Лидия Чарская - Гимназисты

На нашем сайте KnigaRead.com Вы можете абсолютно бесплатно читать книгу онлайн Лидия Чарская, "Гимназисты" бесплатно, без регистрации.
Перейти на страницу:

В другой руке Луканька держал карандаш, нервно постукивающий о толстую обложку "послужного списка".

— Простите, батюшка, — произнес он, наскоро подходя под благословение к священнику, — но я по приказанию директора принужден отозвать троих учеников с вашего урока. Дело требует безотлагательного выяснения.

И Луканька кинул на батюшку многозначительный взгляд.

Отец Капернаум только молча наклонил в ответ свою великолепно расчесанную голову. Инспектор торопливо подбежал к партам, и бегая по промежутку между рядами скамеек, выкрикивал фальцетом:

— Радин… Гремушин… Комаровский… пожалуйте к директору.

Названные гимназисты поднялись со своих мест и бодро зашагали на середину класса.

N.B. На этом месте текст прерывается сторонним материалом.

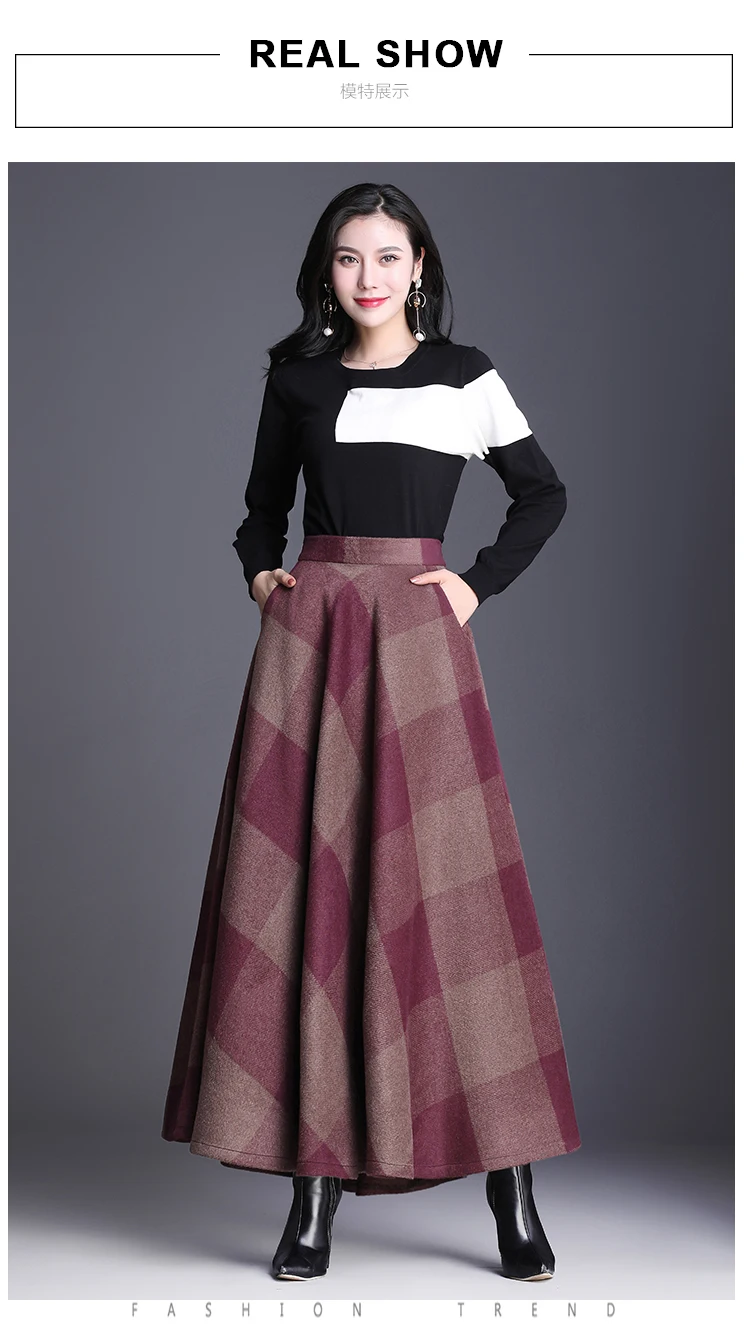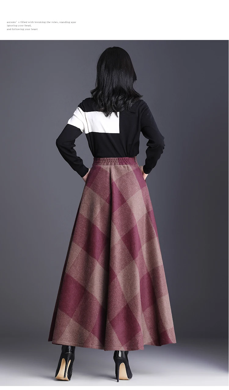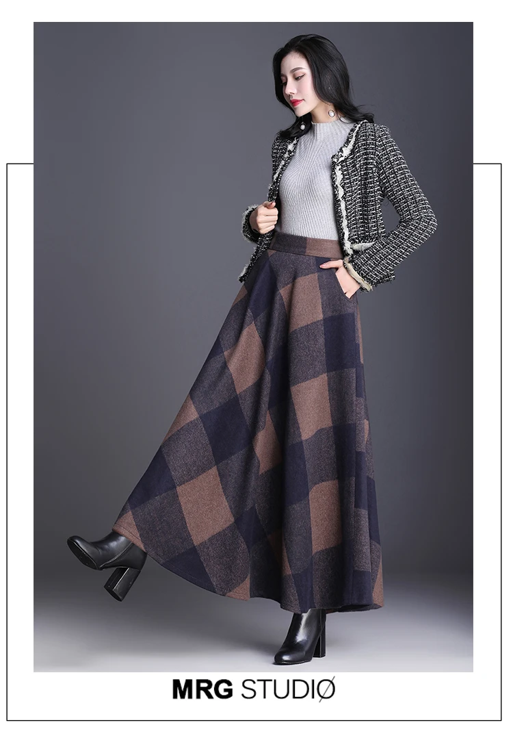 Клетчатая юбка Женская длинная трапециевидная юбка британский стиль шерстяная Макси клетчатая юбка s килт Зимняя шерстяная Шотландка Зонтик клетчатая юбка s DC286 <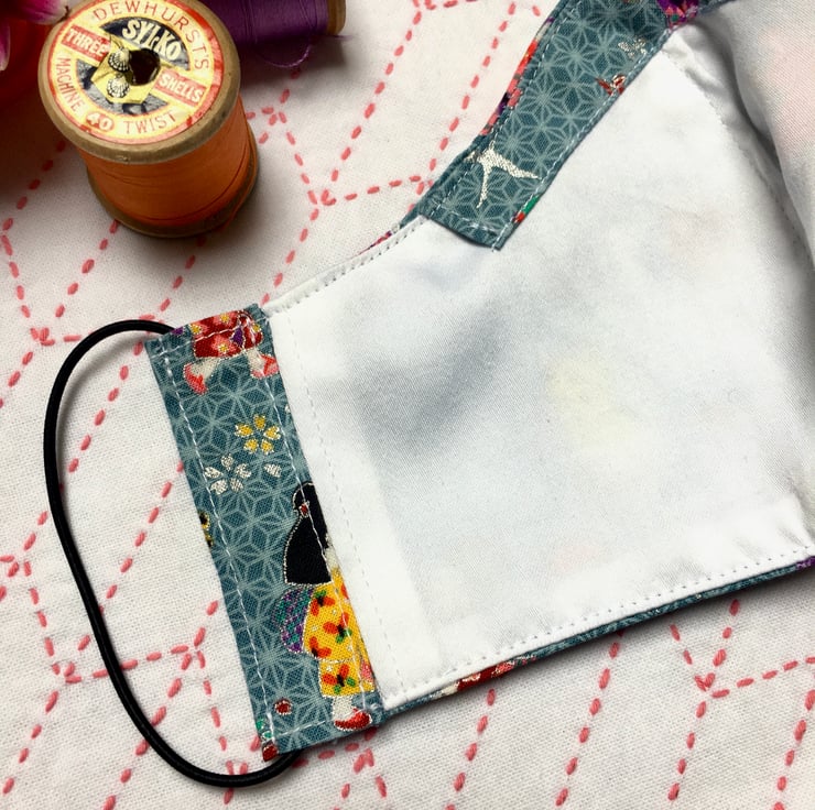Masks should be hand washed in warm soapy water or washed in a delicates bag at 30 or 40 degrees. Gilded fabrics should be ironed on the reverse side. Elastic should not be ironed.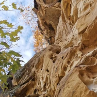 Сырная пещера. Она состоит из песчаника и по виду действительно напоминает пористый сыр. На самом деле такие углубления — результат выветривания под воздействием различных природных явлений: ветра, дождя, снега.

Радин спокойно и величаво, красивый и гордый, как греческий Адонис, Гремушин своей быстрой, нервной и припрыгивающей походкой, Комаровский, чуть раскачиваясь на длинных ногах, навлекших на него второе прозвище "вешалки" со стороны его однокашников-гимназистов.

Когда Комаровский, невозмутимо-спокойный и мрачный, по своему обыкновению, поравнялся с партой, на которой сидел Каменский, Миша не выдержал и, повернув к нему свое светлоглазое, смеющееся лицо, незаметно воздел руки к небу и замогильным голосом прогудел:

— Помяни мя, егда приидешь во царствие его!

Кто-то неожиданно фыркнул.

Кто-то прыснул от удовольствия и в результате фамилия Каменского очутилась мгновенно в "послужном описке".

— Так будет с каждым, кто осмелится нарушить тишину в классе! — торжественно возвестил Луканька, высоко потрясая карандашом.

— Вот чэловэк! — прозвучал заглушенный гортанный голос мурзы из рая, — сколько нашей крови высосал… а все тэн-тэнью ходит… Ночью испугаться можно, когда на дороге попадется… Корм нэ в прок!

Луканька, по счастью, не слышавший последнего замечания, вышел, сопровождаемый тремя названными учениками из класса.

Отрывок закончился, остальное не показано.